Susie’s tale of woe simply goes to show that you never know how an employee will react to their termination. Moreover, human resources should be sensitive to the dynamics of the termination and the particular sensitivities the employee may harbor as a result. Thus, it is not necessarily the best idea to have security personnel looming over the employee as they clean out their desk like some sort of social pariah. It may also be advisable to give the employee a moment or two to compose themselves after they have been informed that their employment is about to come to an end.
Lesson #2: Give the employee a chance to tell their side of the story
Heather in Human Resources was 100 percent certain that Cassie the Cashier had been stealing money from the cash register. In her mind, there was no other way to explain how money was consistently siphoned off from this register during Cassie’s shift. Dead-set on termination, Heather called Cassie into her office and handed her walking papers to leave the premises immediately and not return. In the following weeks, however, the money kept disappearing from the cash register despite Cassie’s absence. Many months and many thousands of dollars later, it was determined that Cassie had not committed the theft but that another employee had been utilizing Cassie’s cashier code to support his theft habit.
If Heather had allowed Cassie to tell her side of the story at the outset, Heather would have (1) retained a competent employee and (2) been able to focus on terminating the employee who was actually committing the theft. Perhaps more importantly, employees appreciate the opportunity to present their side of the story and are less likely to turn around and slap their former employer with a lawsuit if the process was perceived as unfair.
Lesson #3: Document, document, document
Debbie always received glowing performance evaluations. She was “a pleasure to work with” and had “great verbal skills.” On the competency scale, her lowest mark was “meets expectations” and she received a pay increase every year until her fifth year of employment when she was fired for “poor performance.” This would be no surprise to her co-workers who could read between the lines of the euphemisms in her evaluations. “Always contributes ideas in meetings” really meant “talks too much” and “performs tasks quickly when asked” actually meant “doesn’t do assignments unless reminded five times.” In an effort to protect Debbie’s feelings, her supervisors had failed to accurately document her shortcomings or put her on a path to correct these professional flaws. As a result, Debbie was shocked and dismayed that her supervisors had “had enough” and saw “no other option but to terminate.” Without proper employee documentation to support their decision, however, the supervisors had unwittingly exposed the company to a lawsuit.

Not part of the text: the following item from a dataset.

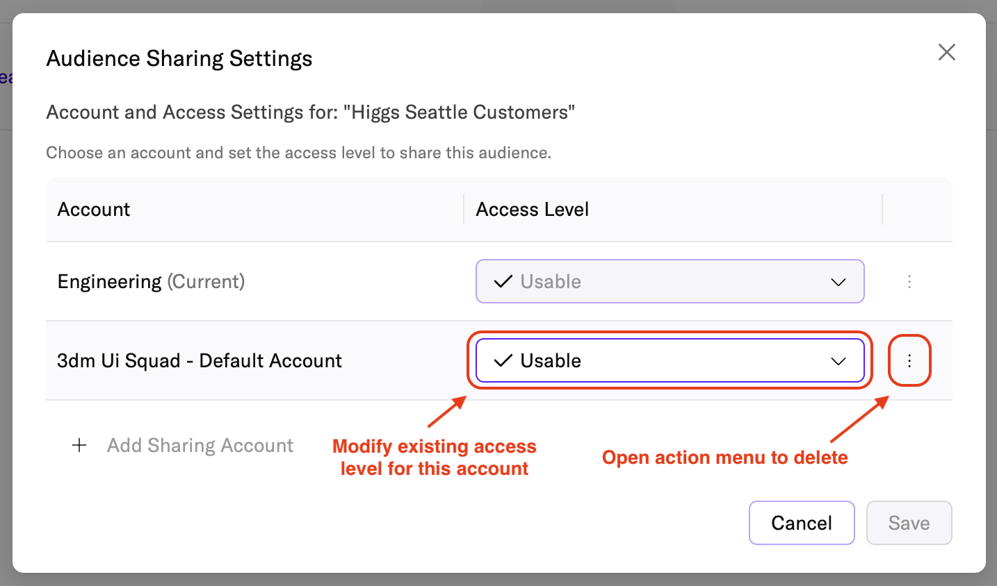 Audience sharing allows you to grant different levels of access to audiences created in other accounts. For example, an organization that separates its global brand and regional locations into different accounts can use audience sharing to distribute audience definitions to different teams. The global marketing team might create a “High-Value Customers” audience based on purchase activity and engagement metrics, then share it with regional accounts.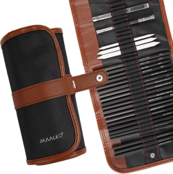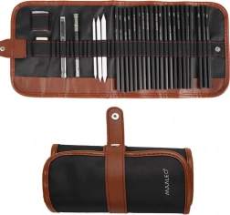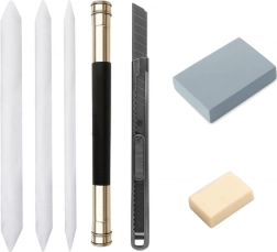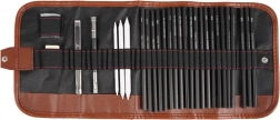 I specifikationen finder du: 18 tegnblyanter med forskellig hårdhed, 3 kulblyanter, blyantforlænger, 3 blandestumper, viskelæder, papirkniv og et stilfuldt sort etui.

If there is one thing to take away from this blog post it is this: if it’s not documented, it might as well not exist. When it comes to employee performance appraisals and alleged deficiencies in competencies, judges and juries are not going to just take the employer’s word for it. They want to see it in black and white, whether it is in a personnel file or printed from an email. The same judges and juries that hand out thousands and sometimes millions of dollars to former employees in damages want to know that the employee had fair warning of their performance problems and had an opportunity to fix them. Although admittedly burdensome, diligence in memorializing the successes and failings of a wayward employee can give you a solid foundation upon which to justify your employment decision.